A guide to post-soviet parenting

Drawing by Niyaz Karim

Drawing by Niyaz Karim

The current breakdown in communication between parents and children in Russia has been festering for decades — long before Perestroika: At least six generations of Russians were never taught how to bond, nor to be friends with their children.

I am not referring to the kind of friendship in which there are no boundaries or control, but a friendship in which parents enjoy and respect their children, and allow for their individuality as they grow.

This kind of nurturing has, until recently, been totally absent from Russian parenting; we are only seeing glimpses of it now that parents travel, read parenting books and observe that there are other ways to shape their children other than the way they were taught.

But there is a long journey ahead toward what I would call healthy, happy parenting.

As a rule, Russian parents don’t compliment their children enough. After a certain age, once the children enter school, parents are no longer affectionate in their language and tone. Yet the first step in nourishing Russian family life is for us to praise our children in ways we were never praised as kids ourselves.

Healing a History of Family Trauma

At least six generations have been taught to indulge their power at the expense of their children. During Soviet times, the only way a Soviet citizen - traumatized if not “spooked” by the State - could “feel the power” was by bossing younger people around.

Children were there to be controlled. As a result, several generations were raised as gods and slaves. There was no communication encouraged between family members, and the joy of family life was crushed.

In order to bond with children, Russian parents need to start forming a friendship as soon as their children are born, bearing in mind that they are no worse than you just because they weigh less or measure less in height. This is the kind of respect we have to start fostering in Russia. I will go even further by saying that children are smarter than adults!

If you can start perceiving children as fully legitimate members of the society right from the beginning, you are able to step into their shoes without bossing them around. Discuss any issues that may arise by listening to their arguments and proposing your own.

We expect our children to be better copies of ourselves, or some kind of trophy achievers. We have not learned that our children do not have to do what we do and like what we like. This concept of, dare I say it, God’s creation, an individual, is also almost completely absent in Russia.

What can you expect from a nation that has been deprived of its most educated people, including clergy, in the first quarter of the 20th century? The clergy was exterminated while “intelligentsia” of all sorts were deported from the earliest days after the revolution.

I am not sure I can name all of the reasons behind the malaise of the modern family. But it involves a great lack of trust and, secondly, failure to acknowledge the sacred rights of others. These same generations of people have been taught to take what belongs to others.

What did the Bolsheviks do in 1917? They implemented a policy of pillage. They forged the sense that someone else’s property is always, potentially, yours. This is one of the major causes of our lost moral compass, our cynicism. Why are we failing at becoming a properly capitalist country? Capitalism rests on two giants - on the recognition of the sacred right to private property and on trust. The trust element has fallen apart completely and the private property right is simply not part of our worldview.
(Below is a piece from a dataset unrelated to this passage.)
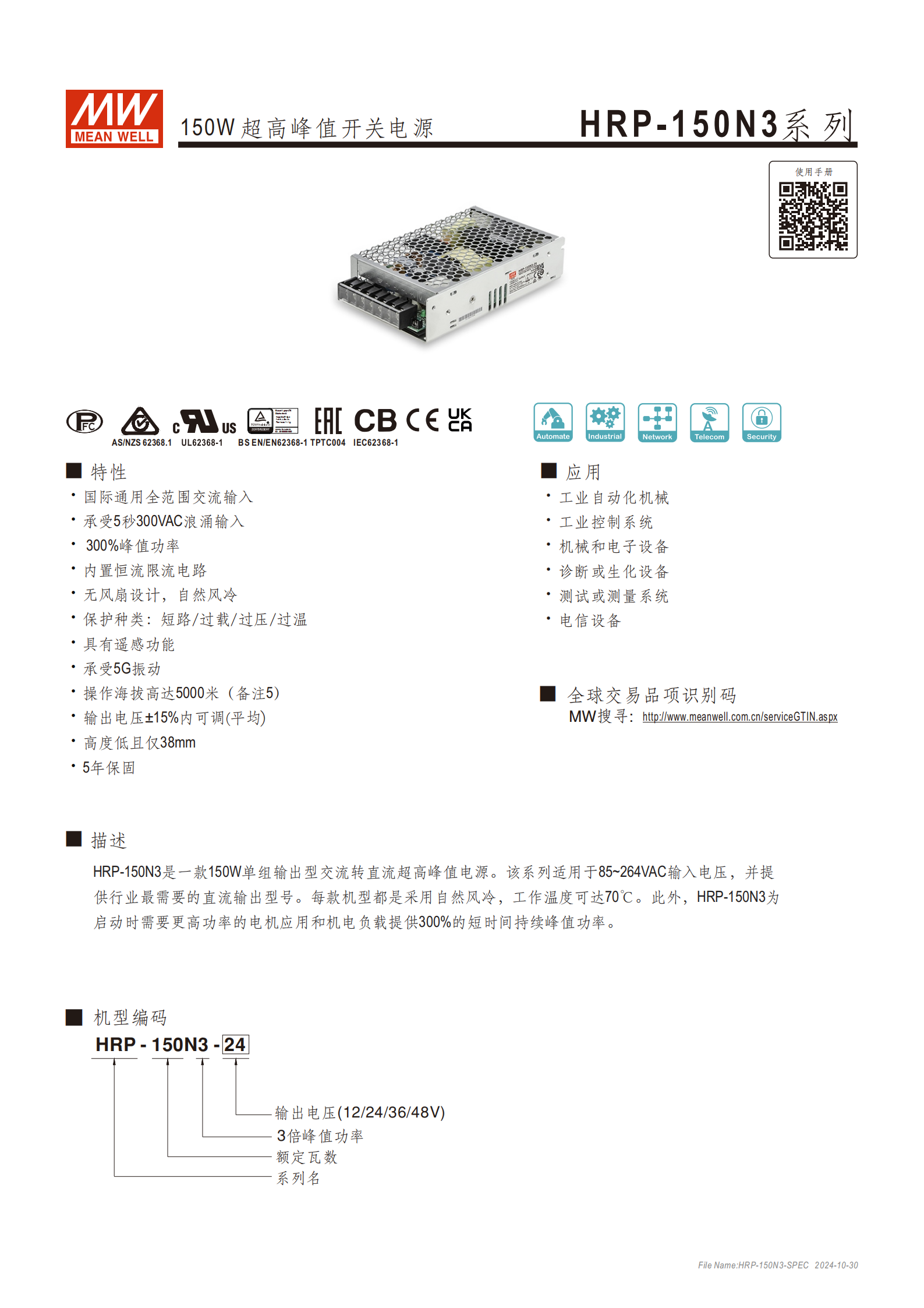 | HRP-150N3-24 | 24V | 6.5A | 156W | 150mVp-p | 21.6~28.8V |

In Russia, some think that someone else’s husband is potentially their property, and the same goes for someone else’s wife. Even at school, girls start sizing up other people’s pockets.

Let’s consider a woman who is young, attractive and married. In Russia, she might start looking for a new partner among her husband’s friends. If she entered the marriage as a way of getting on the “upward mobility ladder,” no one can expect her to be faithful and, subsequently, there can be no trust. She keeps looking for a wealthier spouse, while her partner may explore opportunities with women as objects, younger and more sexually attractive every time.

Of course there are many wonderful exceptions to these schemes, namely Russian romantics who get married in the hopes of spending their lives together. This kind of love and trust occurs in Russia as it does everywhere else. But just not frequently enough. It’s time to foster trust, and pass it on to our children.

Before it’s too late.

Prepared by Elena Shapovalova

Elena Zaretskaya, a Doctor of Philology, is head of the Department of Social Sciences at the Russian Presidential Academy of National Economy and Public Administration and professor and creator of the “communicative education in Russia” concept and other communication techniques.